Questo è un po' complicato e per trovare risultati che aumentano o diminuiscono costantemente, probabilmente vorrai utilizzare il MATCH_RECOGNIZE clausola, che MySQL non supporta (ancora). In questo modo puoi definire un modello in base al quale ogni qty è inferiore al valore precedente. Inoltre, potresti probabilmente farlo con un cte ricorsivo, ma sarebbe al di fuori delle mie capacità.

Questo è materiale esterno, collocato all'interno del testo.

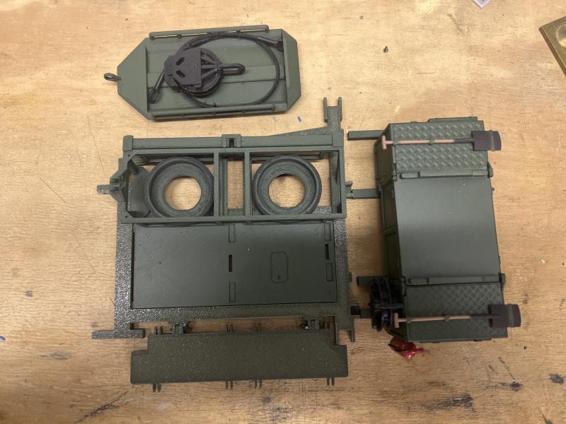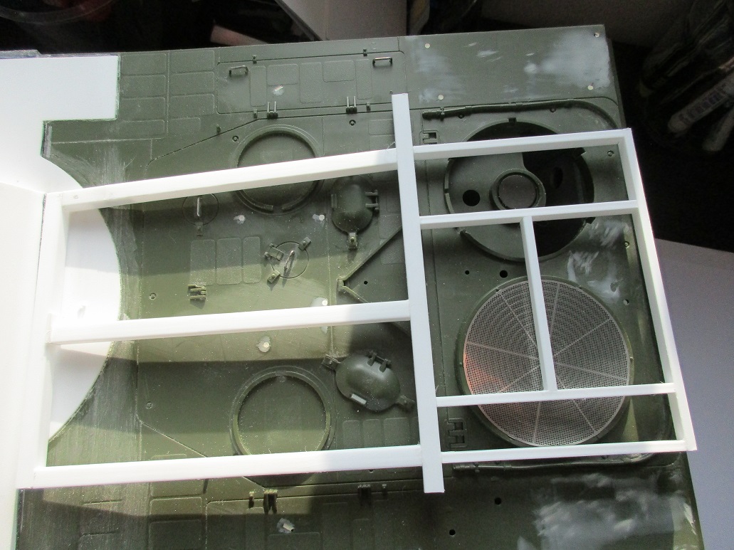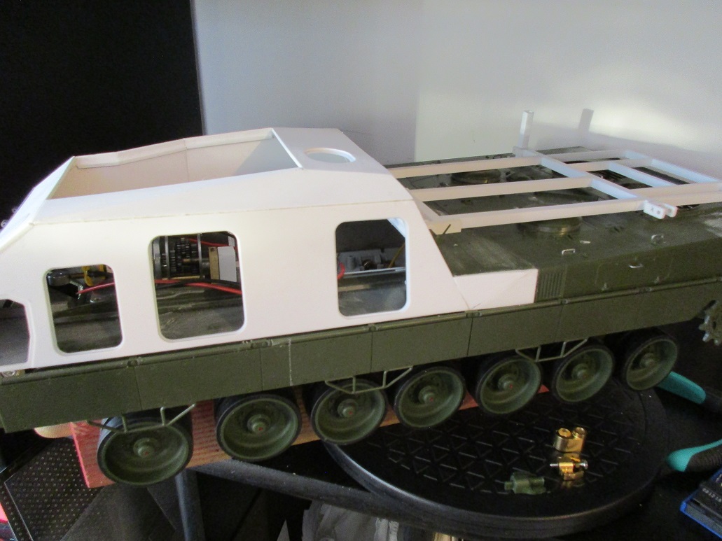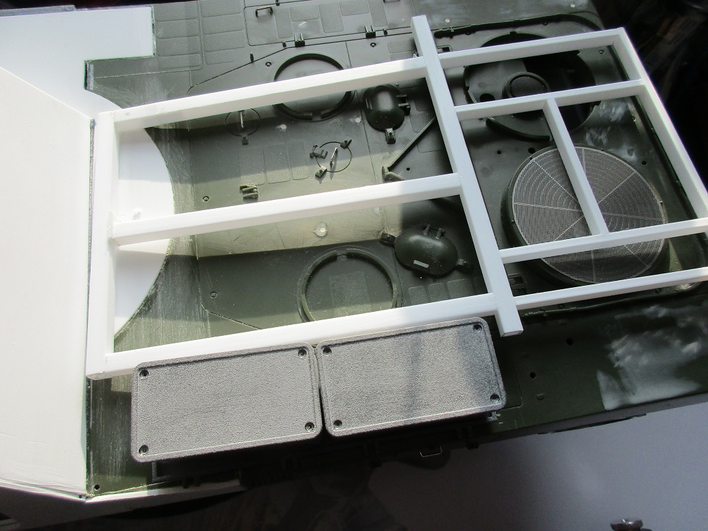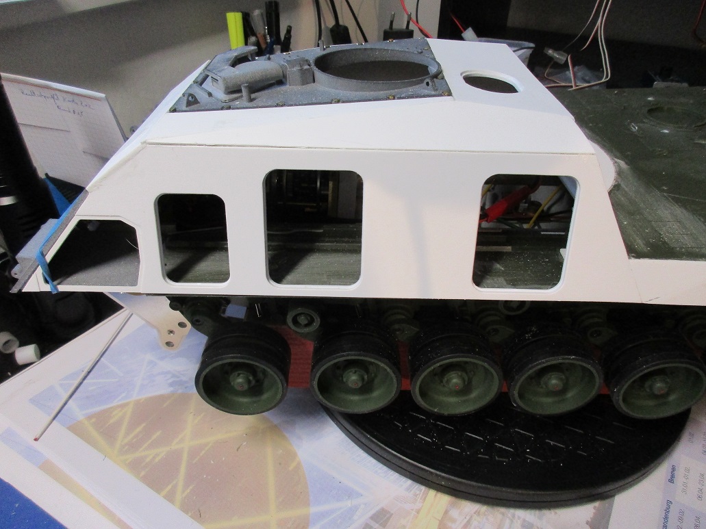 Weiterhin etwas klassischer Modellbau, wie Olaf ja sofort gesehen hat war der Rahmen des Ausrüstungsträgers zu kurz (jaja, wenn man im CAD nicht alles mitzeichnet....) dies hab ich korrigiert. Ausserdem hab ich aus Resten die leichten Kettenschürzen auch vorn gebastelt.

Ecco cosa mi è venuto in mente, con l'avvertenza che confronta solo il primo e l'ultimo valore:

WITH
    tbl (customer, purchasedate, quantity) AS (
SELECT * FROM VALUES 
    ('Bob',         '9/1/2021',        10),
    ('Bob',         '9/10/2021',       6),
    ('Bob',         '9/18/2021',       5),
    ('Bob',         '9/19/2021',       8),
    ('Mary',        '9/1/2021',        10),
    ('Mary',        '9/10/2021',       6),
    ('Mary',        '9/18/2021',       5),
    ('Mary',        '9/19/2021',       3),
    ('Frank',       '9/1/2021',        5),
    ('Lucus',       '9/1/2021',        5),
    ('Lucus',       '9/10/2021',       6),
    ('Lucus',       '9/18/2021',       10)
)

SELECT
    DISTINCT customer
FROM
    tbl
QUALIFY
      FIRST_VALUE(quantity) OVER (partition BY customer ORDER BY purchasedate)
    > LAST_VALUE(quantity)  OVER (PARTITION BY customer ORDER BY purchasedate)

Che dà:

CUSTOMER
Bob
Mary

Oppure, per ridurre rigorosamente con un massimo noto, puoi concatenarli tutti insieme, il che diventa piuttosto brutto:

WITH
    tbl (customer, purchasedate, quantity) AS (
SELECT * FROM VALUES 
    ('Bob',         '9/1/2021',        10),
    ('Bob',         '9/10/2021',       6),
    ('Bob',         '9/18/2021',       5),
    ('Bob',         '9/19/2021',       8),
    ('Mary',        '9/1/2021',        10),
    ('Mary',        '9/10/2021',       6),
    ('Mary',        '9/18/2021',       5),
    ('Mary',        '9/19/2021',       3),
    ('Frank',       '9/1/2021',        5),
    ('Lucus',       '9/1/2021',        5),
    ('Lucus',       '9/10/2021',       6),
    ('Lucus',       '9/18/2021',       10)
)

SELECT
    DISTINCT customer
FROM
    tbl
    qualify 
        (NTH_VALUE(quantity, 1) OVER (partition BY customer ORDER BY purchasedate) >= NTH_VALUE(quantity, 2) OVER (partition BY customer ORDER BY purchasedate))
        and ((NTH_VALUE(quantity, 2) OVER (partition BY customer ORDER BY purchasedate) >= NTH_VALUE(quantity, 3) OVER (partition BY customer ORDER BY purchasedate)) or (NTH_VALUE(quantity, 3) OVER (partition BY customer ORDER BY purchasedate) is null))
        and ((NTH_VALUE(quantity,3) OVER (partition BY customer ORDER BY purchasedate) >= NTH_VALUE(quantity, 4) OVER (partition BY customer ORDER BY purchasedate)) or (NTH_VALUE(quantity, 4) OVER (partition BY customer ORDER BY purchasedate) is null))

Che dà:

CUSTOMER
Mary

Anche se per un importo sconosciuto penserei match_recognize sarebbe la soluzione migliore (o potresti aggiungere qualche ricorsione o una funzione personalizzata).